India should continue to strengthen the CBMs and ensure peace and tranquility as propagated in the Panchsheel and in the various agreements it has signed with China, which are:
In addition to ensuring peace and tranquility, India should work towards a common understanding of the LAC followed by defining and then delineation of the boundary, through the established medium of Special Representatives of the two countries. China respects strength and India needs to build capabilities and enhance capacities specially so in the military domain to be able to build a deterrence and a credible war prevention strategy. India should broaden exchanges and cooperation between their armed forces and deepen mutual military and security trust, as part of the CBMs.

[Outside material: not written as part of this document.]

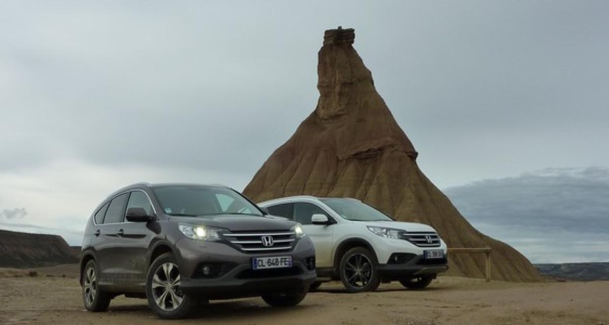 S’il est taillé pour un quotidien balisé, le CR-V sait aussi évoluer avec facilité et dynamisme dans le col d’Ibardin –le terrain de jeu d’une Elise- et s’aventurer sans crainte dans le désert des Bardenas, le territoire de chasse d’un Terrano-. Et s’il est loin d’être aussi brillant qu’eux à domicile, il sait être à l’aise partout. En consommant raisonnablement. Après nos essais, l’ordinateur de bord affichait 7,2l/100 sur la version à boite mécanique et un peu moins d’un litre supplémentaire avec la BVA5. En ce sens, le CR-V est bien ce véhicule polyvalent, facile à prendre en main, pratique et sécurisant, qui répond aux besoins de ceux qui tentent de concilier plusieurs vies, professionnelles et familiales. Avant même l’arrivée d’une version 1.6 Diesel à 2 roues motrices, dans la zone neutre du bonus malus, promise à un bel avenir, le CR-V, qui jouit d’une image positive et plutôt valorisante dans l’hexagone devrait trouver rapidement son public.

In the foreign policy domain the ‘Neighbourhood First’ and ‘Act East’ policy should form the basis of ‘Bind to Balance”. For this structural and systems will need to be refined to ensure that promised and planned projects are executed on time and are mutually beneficial. The much delayed development of the Chabahar port is a case in point. The reverse ‘string of pearls’ or India’s ‘String of Diamonds’ is needed to counterbalance the strategic encirclement of India, and strengthen its influence in the Indian Ocean, the choke point for China’s energy supplies, Malacca Straits the proverbial China’s Achilles’ heel, which transports nearly 80% of China’s oil and gas from West Asia. The need to focus on the strategic relations with Japan and Vietnam, Laos,Cambodia and Mongolia in addition to CAR, however, India will need deep pockets to sustain the relations and goodwill, which may be difficult due to competing demands and conflicting priorities. The challenge is to ensure the availability and optimum utilisation of resources.
India should also ensure that its relations with US should not be perceived as a zero sum game and hamper relations with China, and similarly relations with China should not be perceived to be at the cost of US. India, like China, is an emerging power and a risen responsible nation, and is also the ‘Balancing Power’ along with Russia in the emerging strategic construct for global leadership, and will need to play the great game to protect and project its national interests.